_AIM OF THE EXERCISE_
For this exercise, retype the lines from the one that holds "月曜始まり ToDoリスト カレンダーデザイン-0146" through the one that holds "14k White Gold" in the records below, both included, exactly and without pictures.

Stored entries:
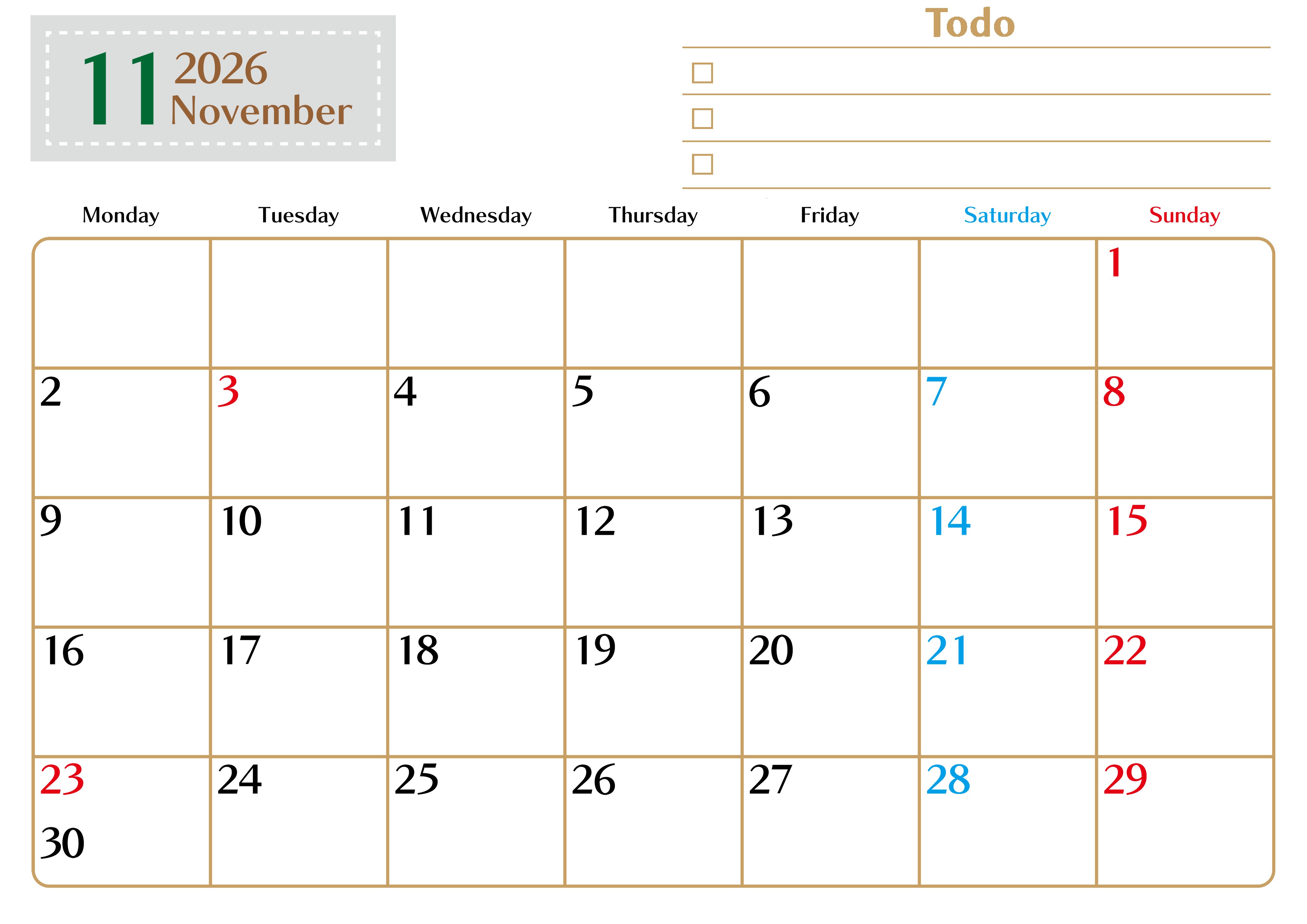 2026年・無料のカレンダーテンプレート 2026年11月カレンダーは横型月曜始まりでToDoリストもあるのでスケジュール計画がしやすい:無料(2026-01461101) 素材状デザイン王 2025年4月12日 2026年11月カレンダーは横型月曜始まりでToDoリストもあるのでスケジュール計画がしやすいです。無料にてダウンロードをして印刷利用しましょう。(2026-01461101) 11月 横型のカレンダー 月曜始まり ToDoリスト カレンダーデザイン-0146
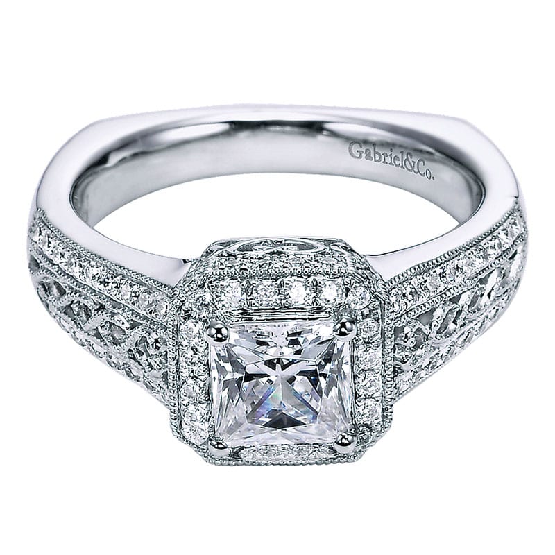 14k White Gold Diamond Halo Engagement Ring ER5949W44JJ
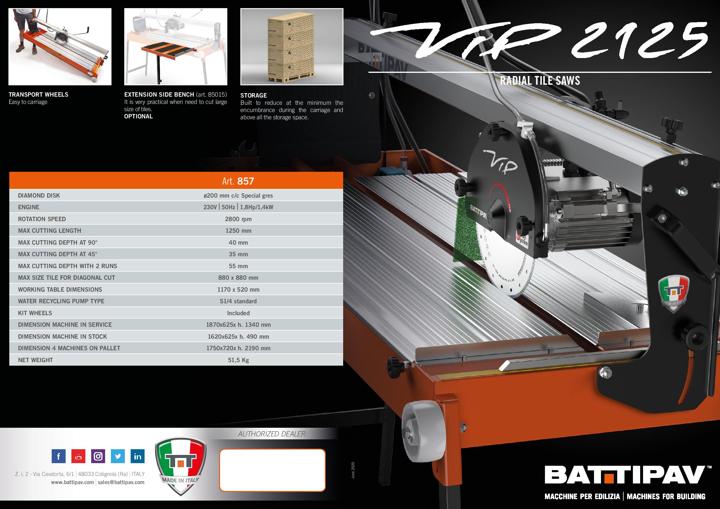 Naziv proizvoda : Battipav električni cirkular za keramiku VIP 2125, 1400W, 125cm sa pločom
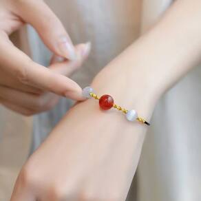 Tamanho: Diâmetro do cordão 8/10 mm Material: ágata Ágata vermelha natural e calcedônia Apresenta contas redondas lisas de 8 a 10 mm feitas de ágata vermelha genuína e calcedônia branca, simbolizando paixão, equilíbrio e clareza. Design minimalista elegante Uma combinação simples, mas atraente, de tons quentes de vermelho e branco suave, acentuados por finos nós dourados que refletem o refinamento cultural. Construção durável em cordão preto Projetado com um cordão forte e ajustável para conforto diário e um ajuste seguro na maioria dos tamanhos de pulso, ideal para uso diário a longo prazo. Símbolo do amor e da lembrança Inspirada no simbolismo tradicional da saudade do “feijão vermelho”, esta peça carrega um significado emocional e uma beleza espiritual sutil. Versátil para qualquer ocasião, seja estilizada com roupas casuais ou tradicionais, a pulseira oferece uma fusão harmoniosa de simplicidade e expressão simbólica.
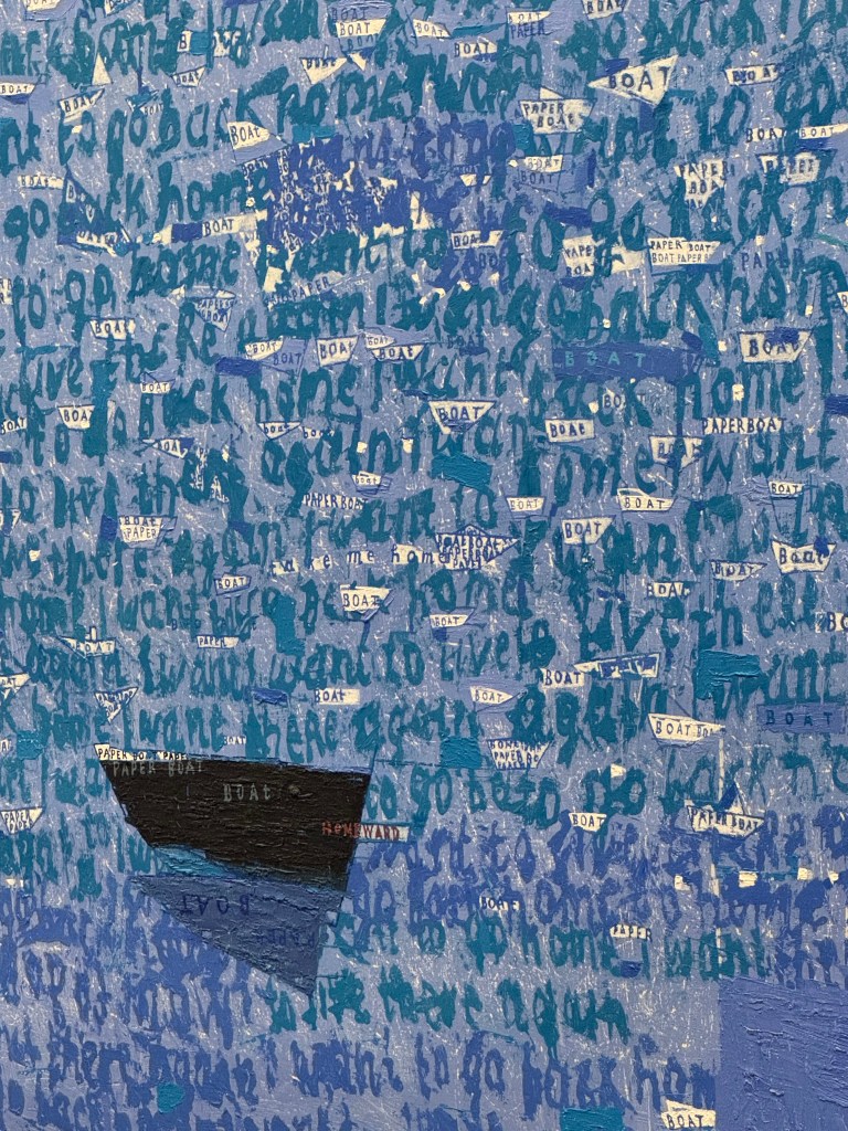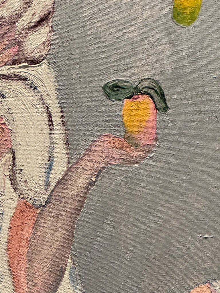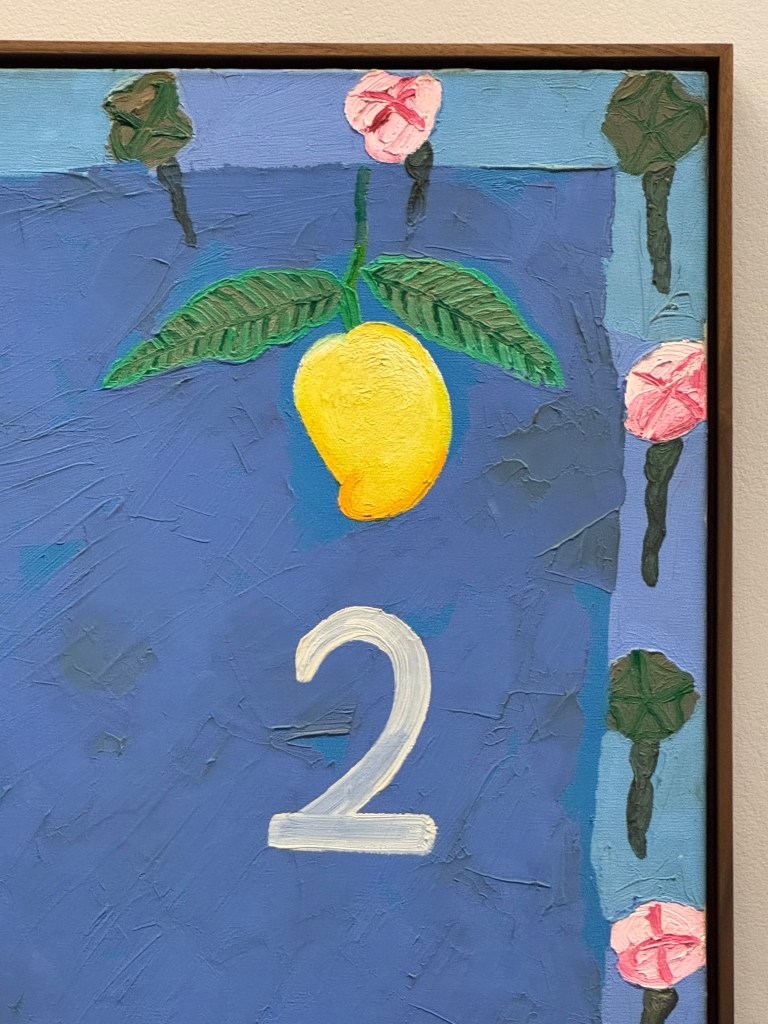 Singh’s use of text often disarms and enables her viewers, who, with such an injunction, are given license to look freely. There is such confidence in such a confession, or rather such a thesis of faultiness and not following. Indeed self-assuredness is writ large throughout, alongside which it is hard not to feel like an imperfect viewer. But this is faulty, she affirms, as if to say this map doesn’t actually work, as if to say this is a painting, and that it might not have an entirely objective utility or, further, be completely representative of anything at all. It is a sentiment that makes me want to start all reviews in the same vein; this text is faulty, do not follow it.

...

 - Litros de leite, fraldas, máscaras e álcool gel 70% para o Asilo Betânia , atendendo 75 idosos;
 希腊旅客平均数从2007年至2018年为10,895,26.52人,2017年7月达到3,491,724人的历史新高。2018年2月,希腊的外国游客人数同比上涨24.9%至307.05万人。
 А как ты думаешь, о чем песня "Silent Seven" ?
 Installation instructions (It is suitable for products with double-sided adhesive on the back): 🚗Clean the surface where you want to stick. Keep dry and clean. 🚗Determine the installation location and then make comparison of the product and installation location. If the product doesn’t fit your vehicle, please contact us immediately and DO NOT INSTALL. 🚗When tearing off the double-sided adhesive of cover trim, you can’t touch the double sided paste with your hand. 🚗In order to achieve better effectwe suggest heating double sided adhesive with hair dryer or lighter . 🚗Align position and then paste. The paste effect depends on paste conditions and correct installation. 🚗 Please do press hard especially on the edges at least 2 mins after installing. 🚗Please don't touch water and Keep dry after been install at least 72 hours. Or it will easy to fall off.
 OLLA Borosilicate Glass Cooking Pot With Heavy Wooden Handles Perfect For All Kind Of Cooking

_THE COMPLETED TASK_
 2026年・無料のカレンダーテンプレート 2026年11月カレンダーは横型月曜始まりでToDoリストもあるのでスケジュール計画がしやすい:無料(2026-01461101) 素材状デザイン王 2025年4月12日 2026年11月カレンダーは横型月曜始まりでToDoリストもあるのでスケジュール計画がしやすいです。無料にてダウンロードをして印刷利用しましょう。(2026-01461101) 11月 横型のカレンダー 月曜始まり ToDoリスト カレンダーデザイン-0146
 14k White Gold Diamond Halo Engagement Ring ER5949W44JJ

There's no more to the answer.